### What is expected
From the material below, copy exactly the lines beginning with the one that contains "Rio Negro chegou" and ending with the one that contains "Vissers met boten"; the pictures stay out.

### Input material
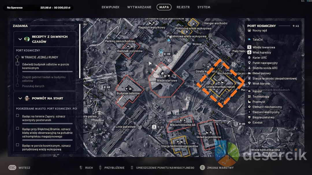 Poniewa偶 Paliwo Syntetyczne nale偶y do kategorii 艂up贸w Exodus, najlepiej kierowa膰 si臋 do miejsc oznaczonych t膮 ikon膮. Jednym z najbardziej op艂acalnych spot贸w jest Strefa Monta偶u Rakiet聽na mapie Port Kosmiczny. To obszar ulokowany po wschodniej stronie, wi臋c zale偶nie od punktu startowego czasem trzeba zrobi膰 solidny spacer.
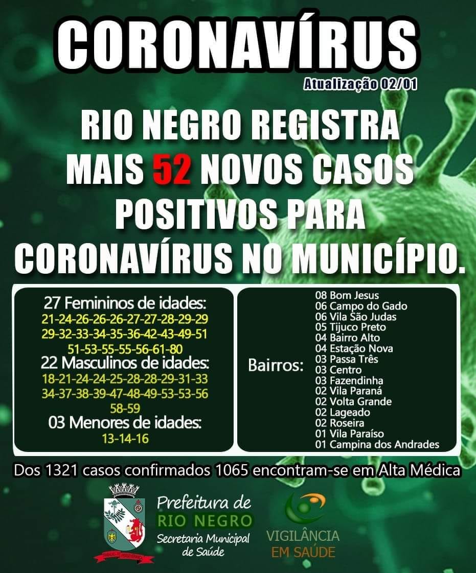 Rio Negro chegou 1321 casos positivos de Covid-19, sendo que 1065 pessoas já estão recuperadas. Somente neste sábado a cidade registrou 52 novos casos. Confira o boletim:
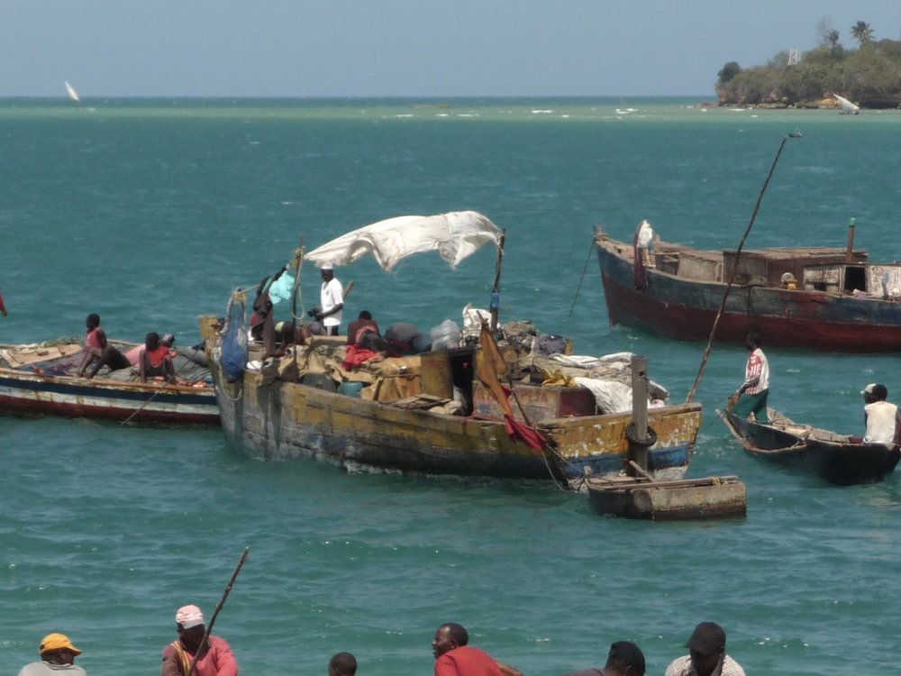 Vissers met boten voor de kust in Dar es Salaam, Tanzania- Afrika.
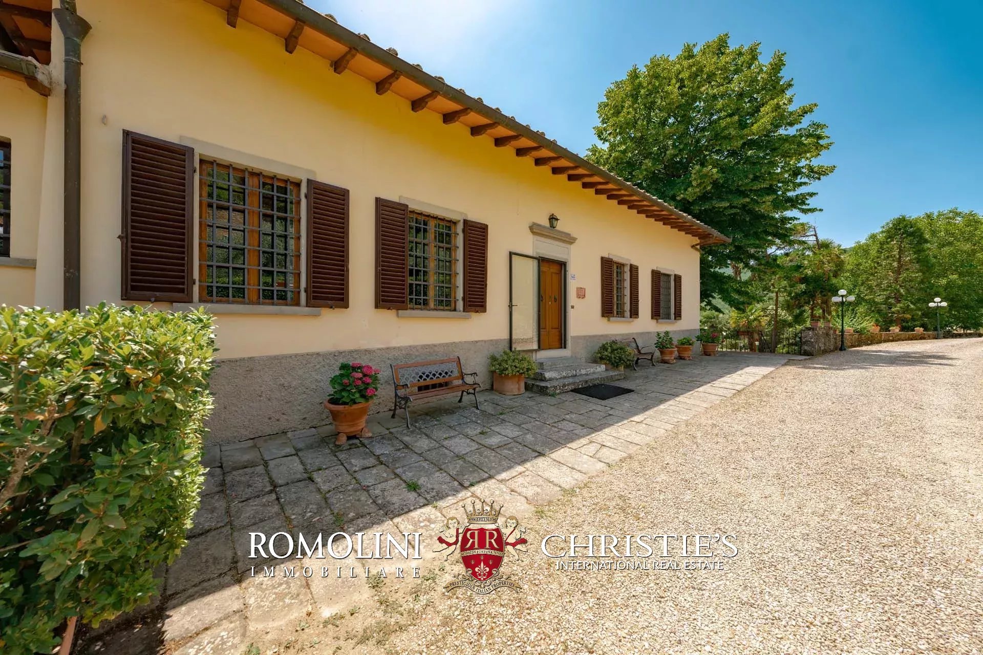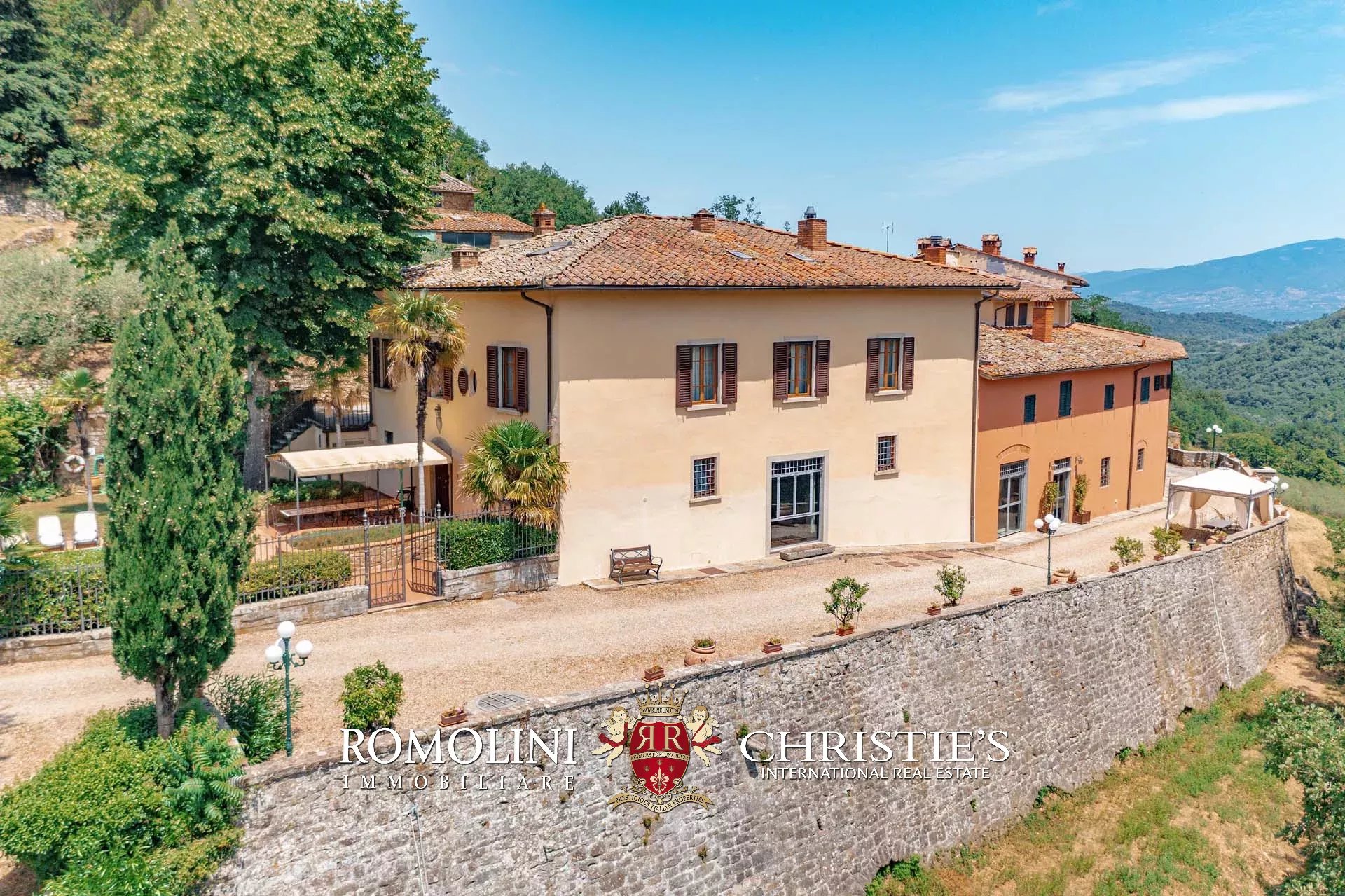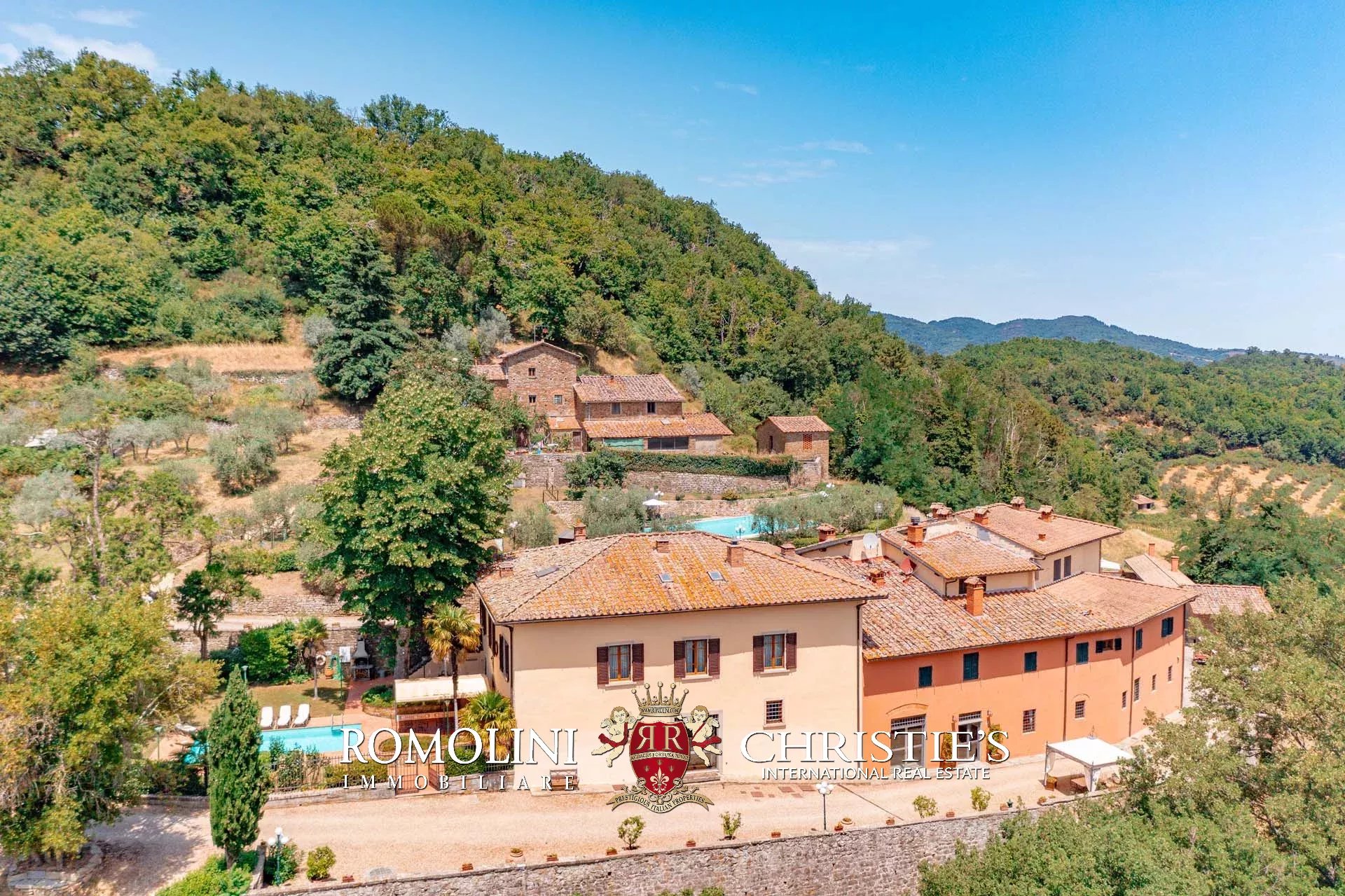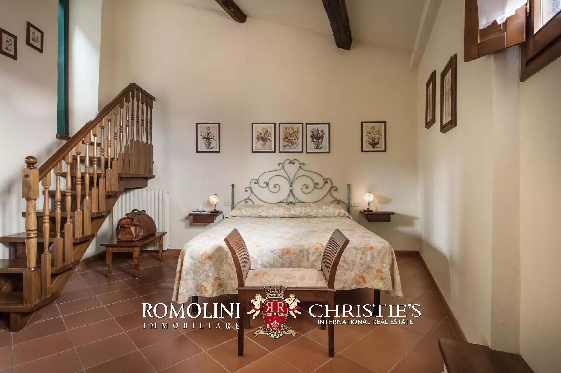 Questa bellissima villa storica si trova sulle colline di Greve, nel cuore del Chianti Classico e a breve distanza da Firenze. La proprietà (quasi 1.700 m²) è costituita da un bellissimo borgo che include una villa padronale del Seicento (4 camere), un agriturismo (12 camere) e una fattoria da ristrutturare, ideale per ampliare l’attività ricettiva o creare una cantina di vinificazione. La tenuta si estende per un totale di 50,1 ettari.
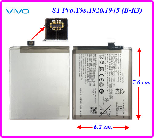 แบตเตอรี่ Vivo S1 Pro,Y9s,1920,1945 (B-K3) 6.2x7.6 cm. 4500 mAh.
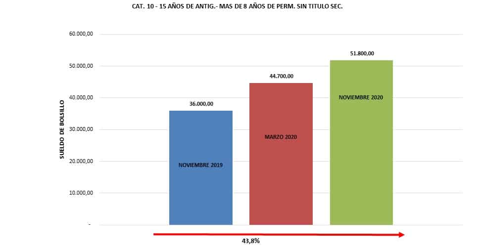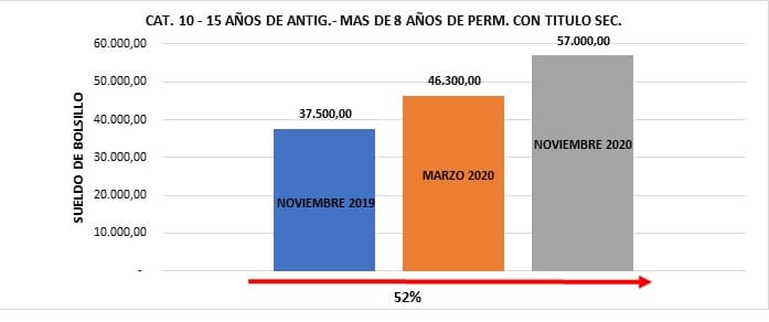 En el caso de un trabajador categoría 10 con título secundario el incremento interanual noviembre 2019 – noviembre 2020 alcanza el 55% por ciento pasando de cobrar $34.000 pesos en 2019 a $52.800 en noviembre de 2020.
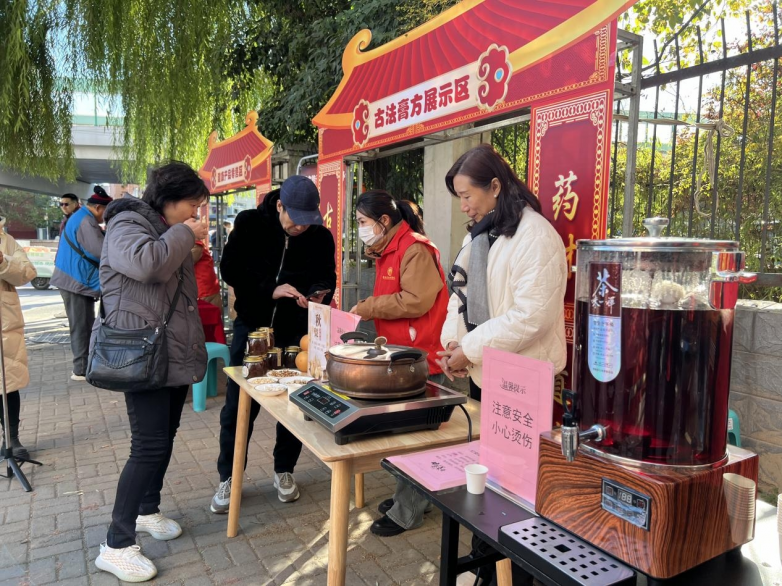 本次膏方节不仅是文化的盛宴,更是健康的实践。舞台左侧设置的四大体验区成为全场焦点:名医义诊区内,韩主任、曹主任亲自坐镇,为市民提供免费辨证诊疗、血压血糖检测服务;古法膏方展示区中,邵新主任现场演示膏方熬制工艺,揭示其背后的匠心与科学;滋补养作品鉴区则准备了独家研发的药膳粥与冬季养生代茶饮,供市民免费品尝;健康产品零售区也汇聚了多种中医药健康制品,满足群众日常调理需求。

### Written response
 Rio Negro chegou 1321 casos positivos de Covid-19, sendo que 1065 pessoas já estão recuperadas. Somente neste sábado a cidade registrou 52 novos casos. Confira o boletim:
 Vissers met boten voor de kust in Dar es Salaam, Tanzania- Afrika.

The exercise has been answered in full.